Заложницы вождя - Анатолий Баюканский
Шрифт:
Интервал:
Набросав схему будущего указа, Сталин налил в хрустальный бокал «боржоми», но пить не стал, внезапная мысль посетила его: обычно на каторгу ссылали после отбытия срока в тюрьме, а тут…можно сразу ссылать неугодных, как это он сделал с чеченцами, калмыками, крымскими татарами, с немцами Поволжья. Отныне под его твердой рукой не только многомиллионная армия, воющая с гитлеровцами, но и многомиллионная держава «Гулаг».

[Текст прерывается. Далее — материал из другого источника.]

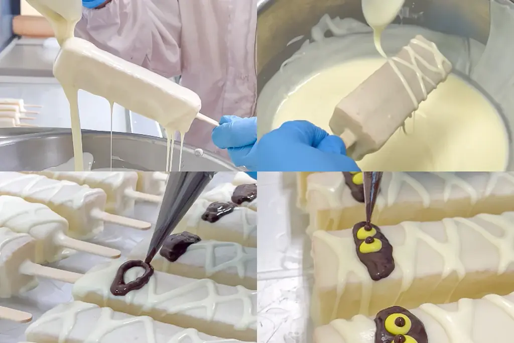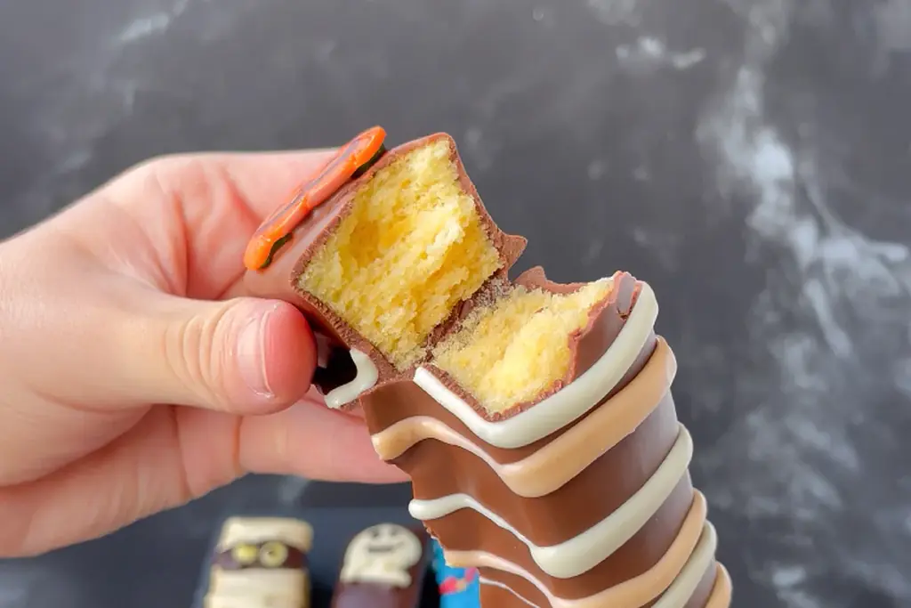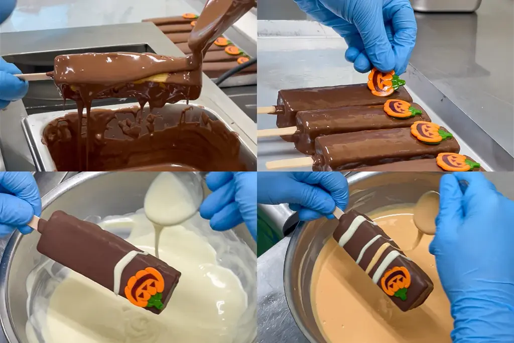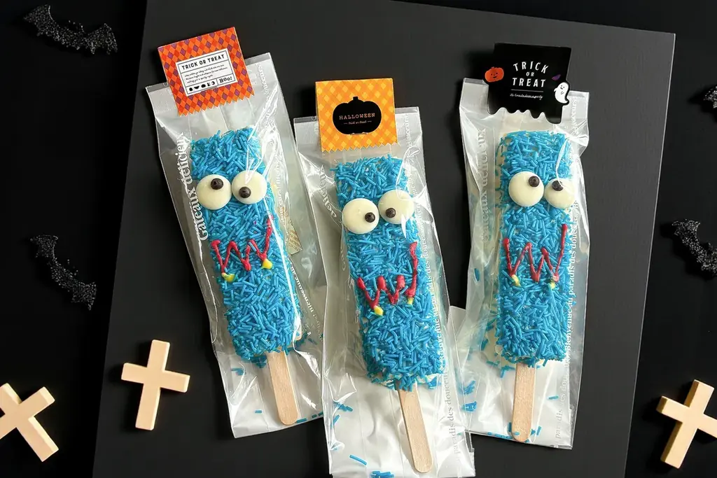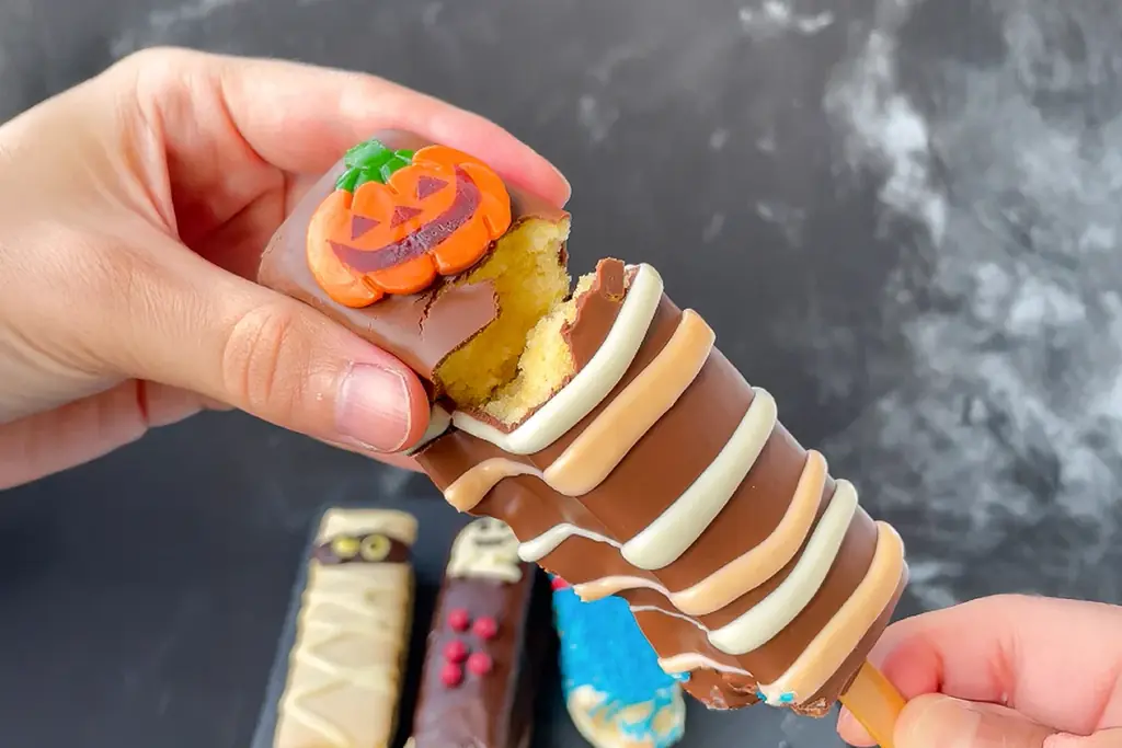 ミルキーなホワイトチョコレートで全体を包み、包帯の立体感まで再現したデザインです。目元はダークチョコ、目玉はホワイトチョコでデコレーションされ、見た目のインパクトとともに甘さを楽しめる一本です。

Снова стал перечитывать докладную. «Спасские лагеря», «Экибастуз», «Дальстрой», «Севлаг», «Степлаг», «Сиблаг», всех не перечтешь. Потер ладони, сказал сам себе: «Чехов, кажется, писал, что на сахалинской каторге отбывали наказание 5905 арестантов, а у нас только на Колыме в несколько десятков раз больше. Сколько врагов! Сколько врагов!»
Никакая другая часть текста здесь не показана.